**YOUR GOAL**: Skip all pictures. Write out the data below from its first line through the line that contains "Sofá Retrátil Reclinável".

**AVAILABLE RECORDS**:

________________________________________

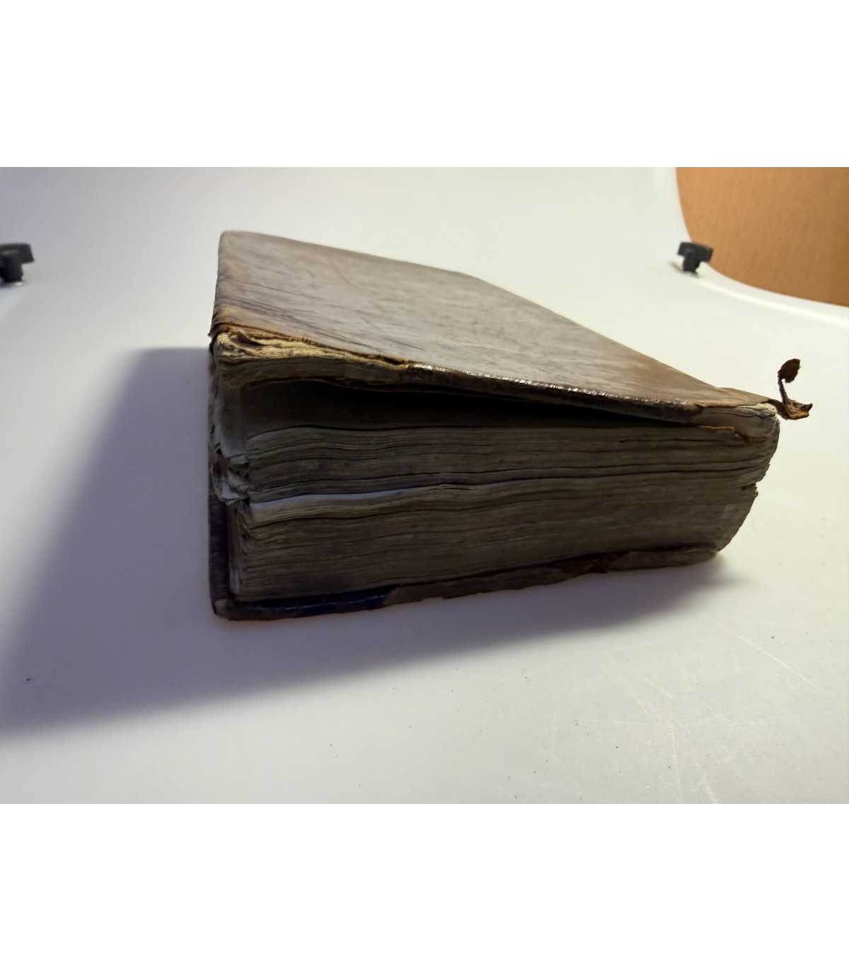 Переплет: картон, цельно-кожаный, потертости и трещинки, утраты мелких кусочков кожи, расслоение картона по краям и углам переплета . Состояние: удовлетворительное
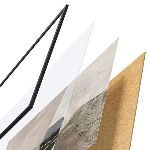 El póster consta de marco, plexiglás, imagen impresa y soporte de aglomerado. El póster puede colgarse inmediatamente en la pared gracias a los soportes de la parte posterior.
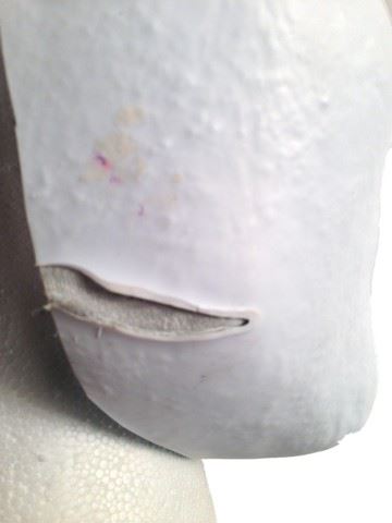 Screen worn, stunt, "The Executioner" vacuform mask. This is a sfx resin mask. Pure white, no mouth, with a nose and eye holes. Small gash on right side at bottom of the jaw.(10x7)
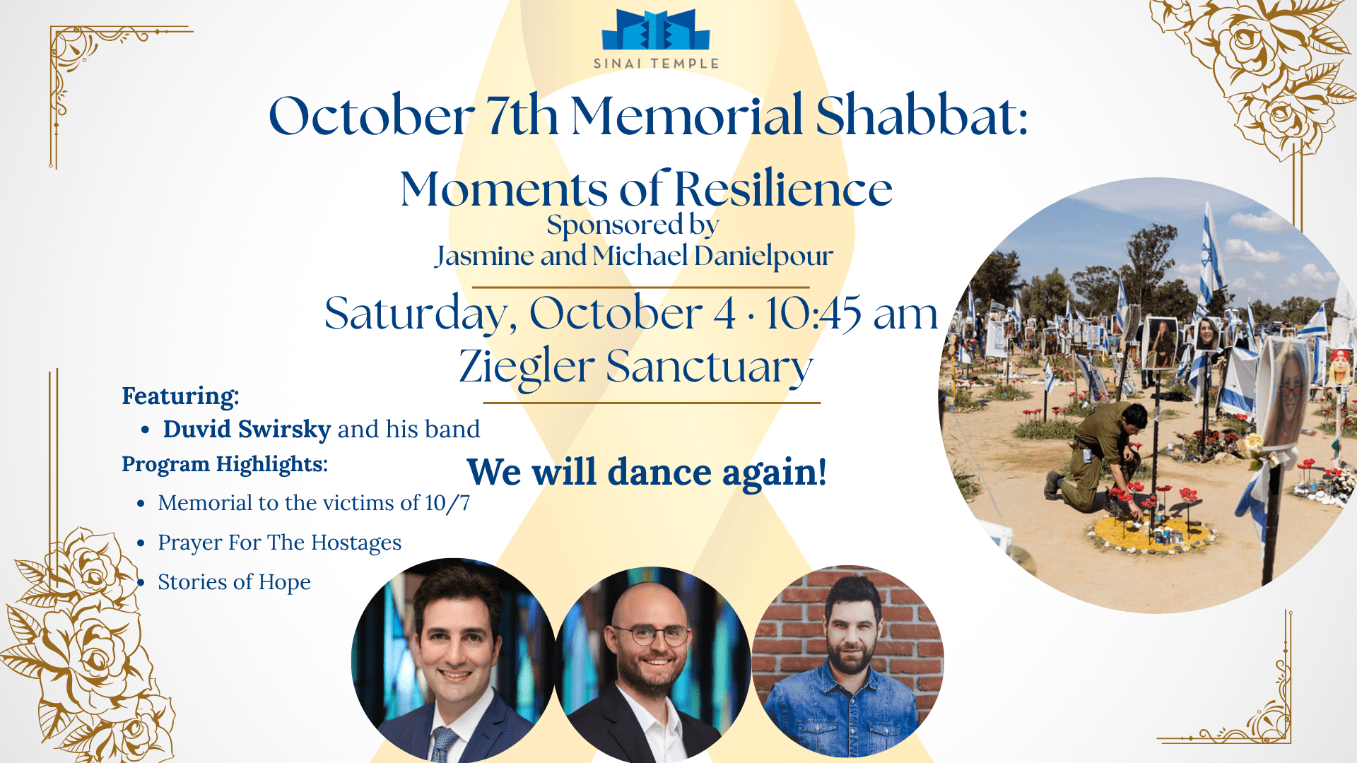 Sponsored by Jasmine and Michael Danielpour Saturday, October 4 · 10:45 am | Ziegler Sanctuary Featuring: Duvid Swirsky and his band Program Highlights: Memorial to the victims of 10/7 Prayer For The Hostages Stories of Hope
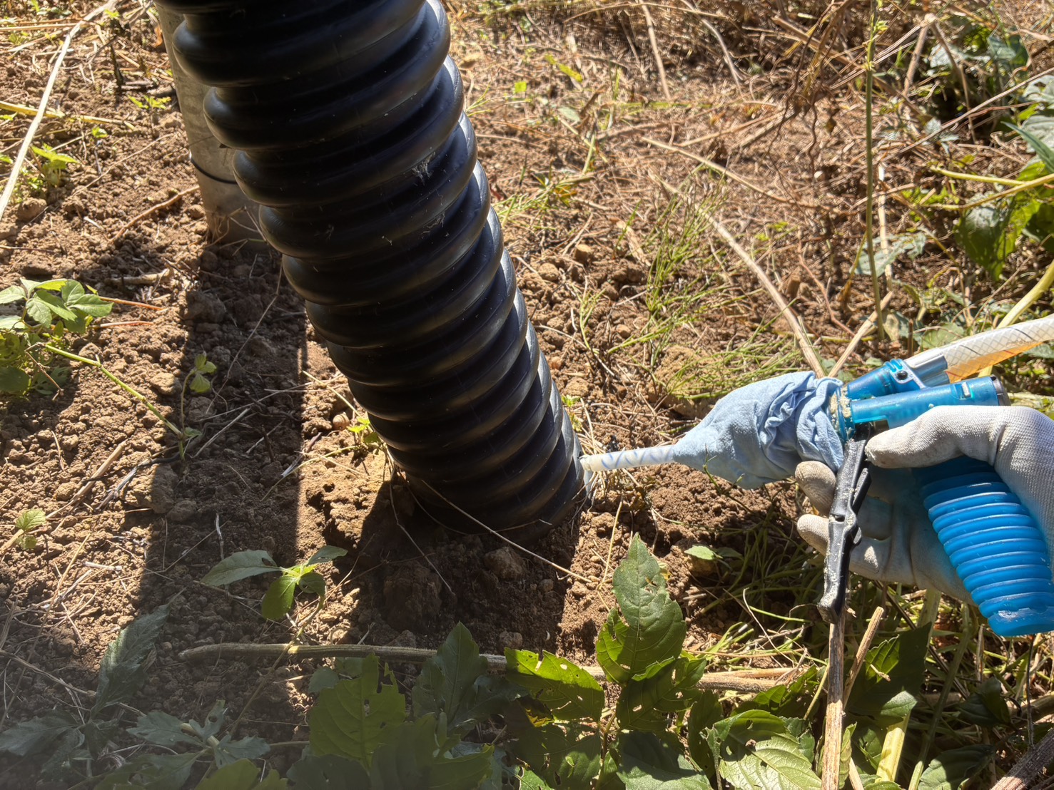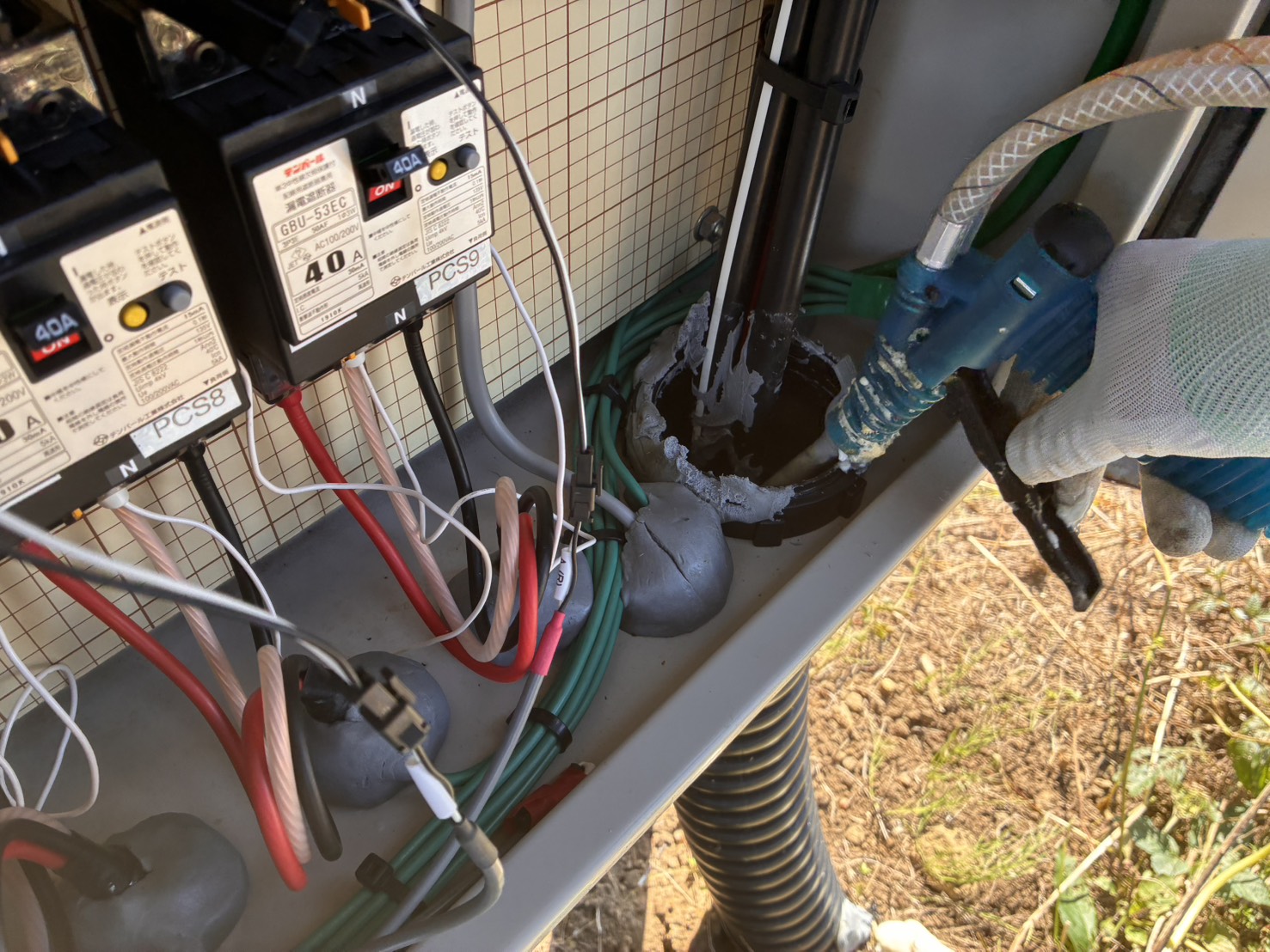 露出配管部も含めてしっかり固めることで、引き抜きがほぼ不可能な状態となりました。
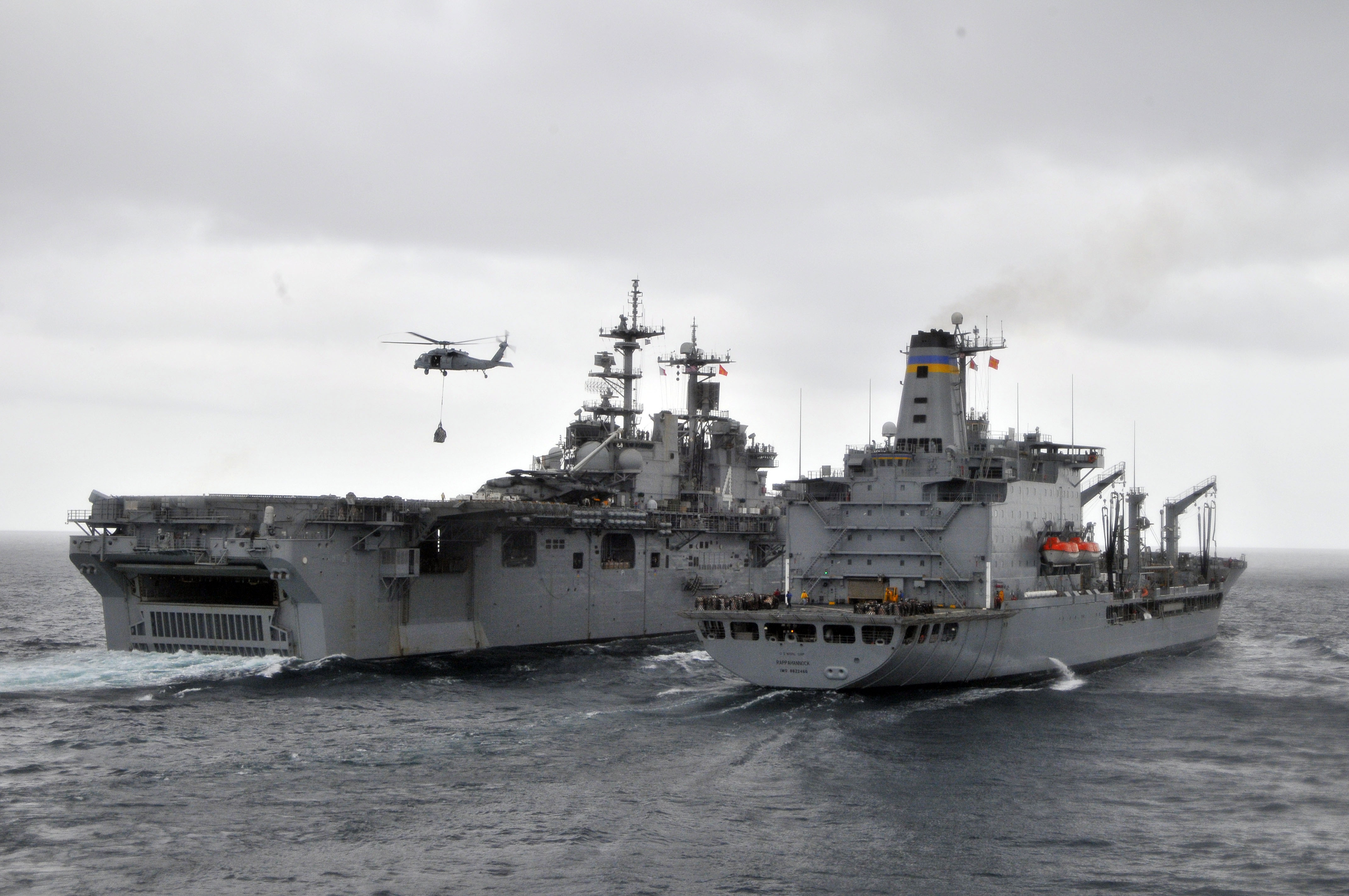 148k | USS Boxer (LHD-4), background receives a vertical replenishment-at-sea from the fast combat support ship
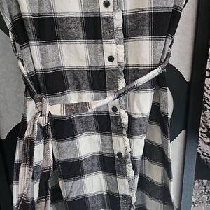 Falls Creek black and white, plaid flannel button-down top. Junior girls size XL. It has a belt and ruffles down the seams where it buttons. Cute Measurements approximate: Length 30 inches and pit to pit buttoned is 17 inches.
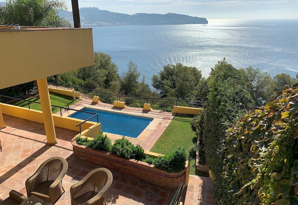 Ditt sjeleplass i Andalusien! Et idyllisk tilfluktssted med et uendelig basseng, utendørs treningsstudio, solterrasse og en stor hage. Det ligger mellom fjellene og havet, og er perfekt for å slappe av og koble av. Bare 20 minutter med bil tar deg til pittoreske hvite landsbyer og stranden. November–mars: Ideelt for sabbatsår eller hjemmekontor. Inspirer kreativiteten din med fantastisk utsikt og raskt trådløst nettverk.
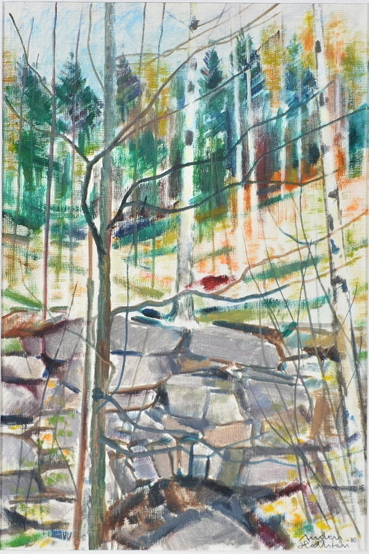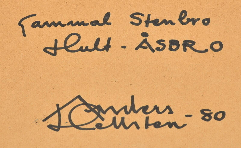 Gammal stenbro Hult-Åsbro. Signerad samt a tergo daterad -80
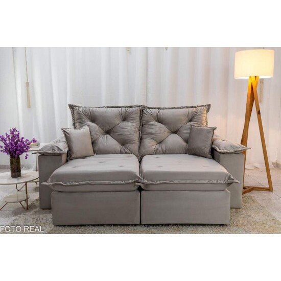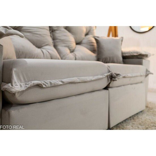 Sofá Retrátil Reclinável Porto Madri 2.00m Veludo Bege – D28 Pró Aditivada
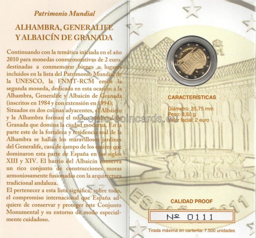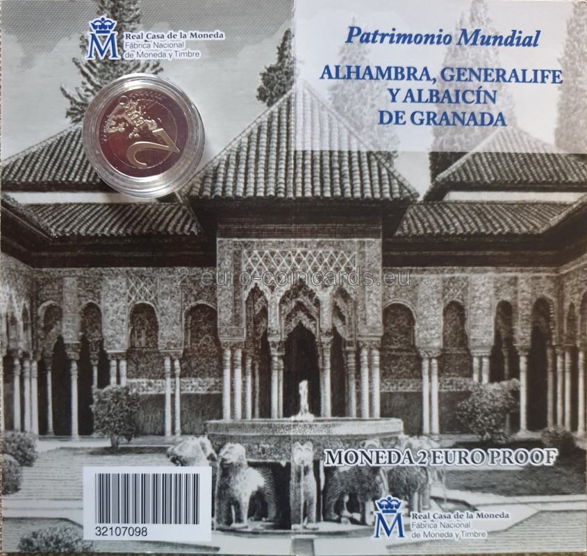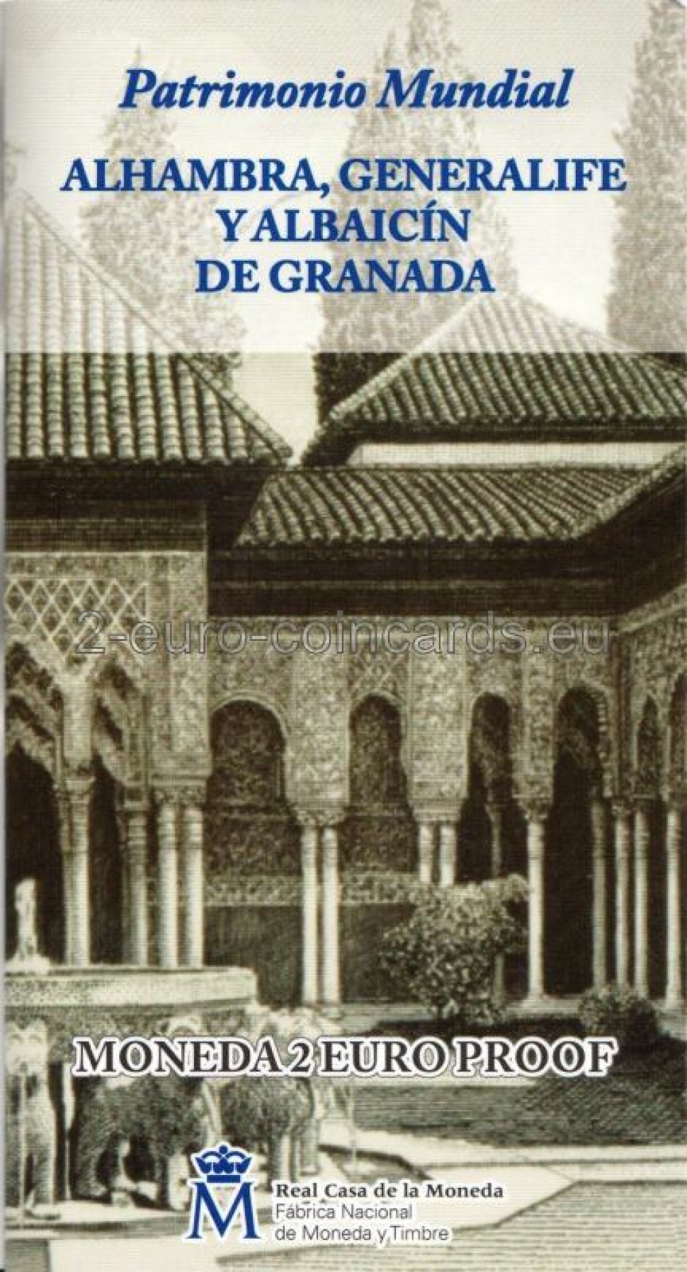 Pokračujúc v téme pamätných mincí v hodnote 2 eur, ktoré boli iniciované v roku 2010 na pripomenutie objektov alebo miest zapísaných do Zoznamu svetového dedičstva UNESCO, FNMT-RCM (Fábrica Nacional de Moneda y Timbre - Real Casa de la Moneda) vydáva druhú mincu, ktorá je pri tejto príležitosti venovaná Alhambre, Generalife a Albaicínu v Granade (zapísané v roku 1984 a rozšírené v roku 1994). Albaicín a Alhambra sa nachádzajú na dvoch susedných kopcoch a tvoria stredoveké jadro Granady, ktoré dominuje modernému mestu. Na východnej strane pevnosti a kráľovského sídla Alhambra sa nachádzajú nádherné záhrady Generalife, vidieckeho sídla emirov, ktorí vládli tejto časti Španielska v 13. a 14. storočí. Štvrť Albaicín uchováva bohatú zbierku maurských stavieb harmonicky zmiešaných s tradičnou andalúzskou architektúrou. Jej zaradenie do tohto zoznamu znamená predovšetkým medzinárodný záväzok Španielska zachovať a chrániť túto pamiatkovú lokalitu a jej okolie s osobitnou starostlivosťou.
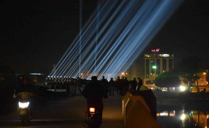 Adana’nın düşman işgalinden kurtuluşun 100. yılı etkinlikleri kapsamında Tarihi Taş Köprü üzerinde yapılan lazer gösterisi yapıldı.

________________________________________

**PROBLEM SOLUTION**:
 Переплет: картон, цельно-кожаный, потертости и трещинки, утраты мелких кусочков кожи, расслоение картона по краям и углам переплета . Состояние: удовлетворительное
 El póster consta de marco, plexiglás, imagen impresa y soporte de aglomerado. El póster puede colgarse inmediatamente en la pared gracias a los soportes de la parte posterior.
 Screen worn, stunt, "The Executioner" vacuform mask. This is a sfx resin mask. Pure white, no mouth, with a nose and eye holes. Small gash on right side at bottom of the jaw.(10x7)
 Sponsored by Jasmine and Michael Danielpour Saturday, October 4 · 10:45 am | Ziegler Sanctuary Featuring: Duvid Swirsky and his band Program Highlights: Memorial to the victims of 10/7 Prayer For The Hostages Stories of Hope
 露出配管部も含めてしっかり固めることで、引き抜きがほぼ不可能な状態となりました。
 148k | USS Boxer (LHD-4), background receives a vertical replenishment-at-sea from the fast combat support ship
 Falls Creek black and white, plaid flannel button-down top. Junior girls size XL. It has a belt and ruffles down the seams where it buttons. Cute Measurements approximate: Length 30 inches and pit to pit buttoned is 17 inches.
 Ditt sjeleplass i Andalusien! Et idyllisk tilfluktssted med et uendelig basseng, utendørs treningsstudio, solterrasse og en stor hage. Det ligger mellom fjellene og havet, og er perfekt for å slappe av og koble av. Bare 20 minutter med bil tar deg til pittoreske hvite landsbyer og stranden. November–mars: Ideelt for sabbatsår eller hjemmekontor. Inspirer kreativiteten din med fantastisk utsikt og raskt trådløst nettverk.
 Gammal stenbro Hult-Åsbro. Signerad samt a tergo daterad -80
 Sofá Retrátil Reclinável Porto Madri 2.00m Veludo Bege – D28 Pró Aditivada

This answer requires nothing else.